• _What this task involves_: Keep the pictures out. Copy every line of the listing exactly.

• _Supplied material_:
•••

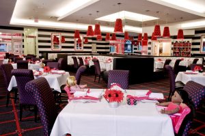 And since the brand expects girls to visit these locations frequently, designers added party rooms where girls can host gatherings with friends and their dolls.
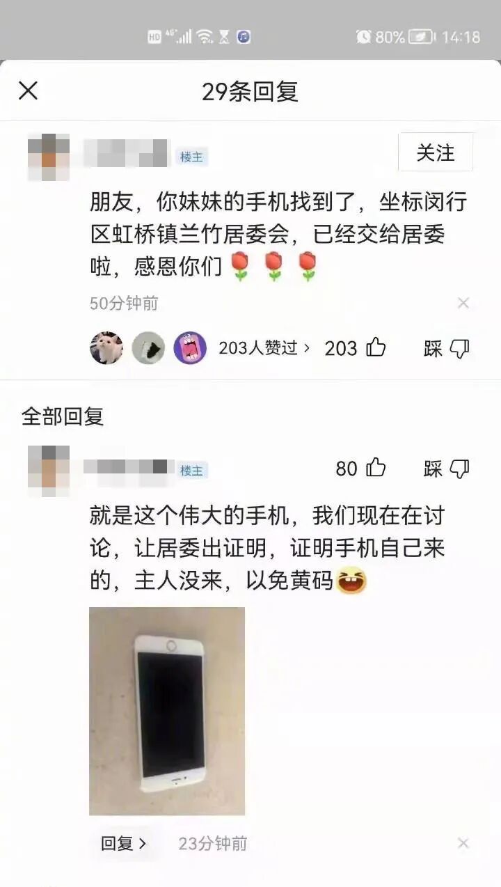 听到这一消息,闵行区虹桥镇物资保障部门立即联系了送到菜的兰竹居委,并通过居委把寻机信息发到了业主群里。很快,就有居民反馈收到了手机,就这样,这部来上海“一日游”的扬州手机“完璧归赵”。
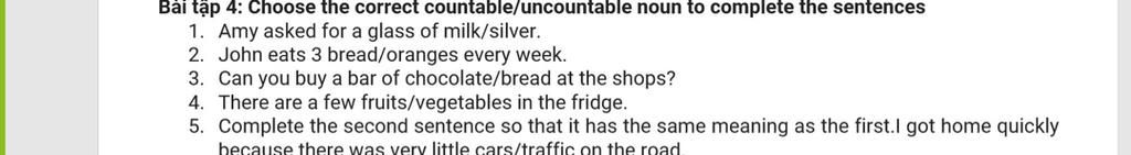 John eats `3` ... `->` từ cần điền là số nhiều. Oranges có s ở cuối `->` số nhiều `->` chọn oranges
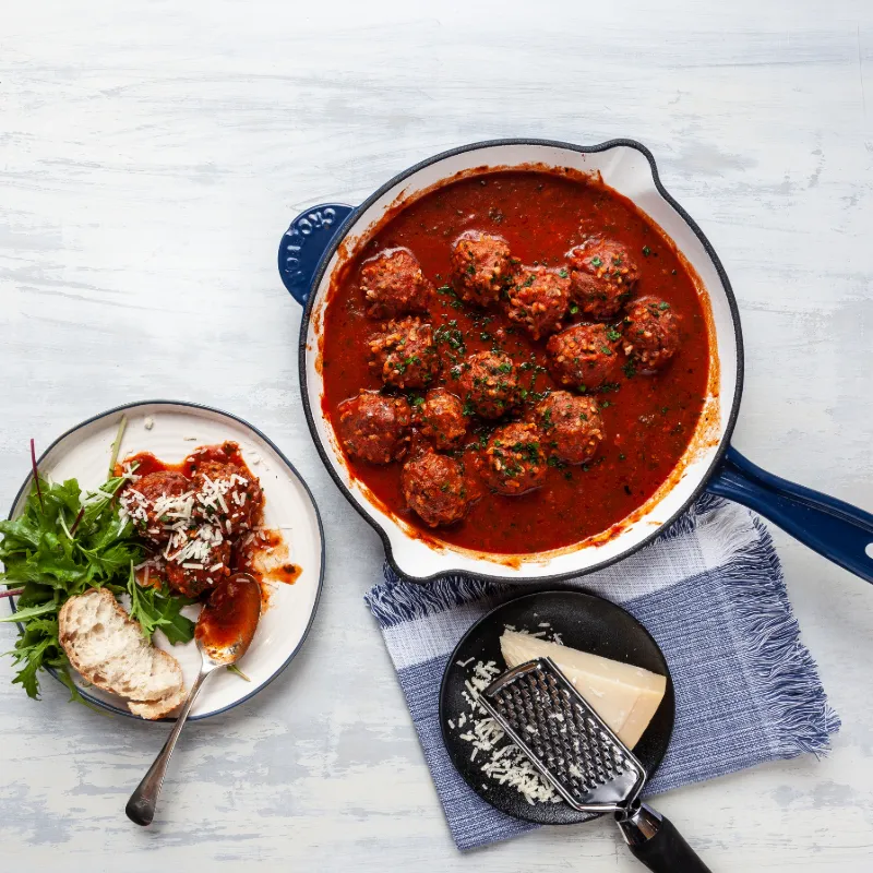 - 1 Combine mince, egg, rice, Garlic Paste and 1 tablespoon of Lightly Dried Basil. Season well with salt and pepper. Roll mince mixture into 16 even sized meatballs.

•••

• _Result for this task_:
 And since the brand expects girls to visit these locations frequently, designers added party rooms where girls can host gatherings with friends and their dolls.
 听到这一消息,闵行区虹桥镇物资保障部门立即联系了送到菜的兰竹居委,并通过居委把寻机信息发到了业主群里。很快,就有居民反馈收到了手机,就这样,这部来上海“一日游”的扬州手机“完璧归赵”。
 John eats `3` ... `->` từ cần điền là số nhiều. Oranges có s ở cuối `->` số nhiều `->` chọn oranges
 - 1 Combine mince, egg, rice, Garlic Paste and 1 tablespoon of Lightly Dried Basil. Season well with salt and pepper. Roll mince mixture into 16 even sized meatballs.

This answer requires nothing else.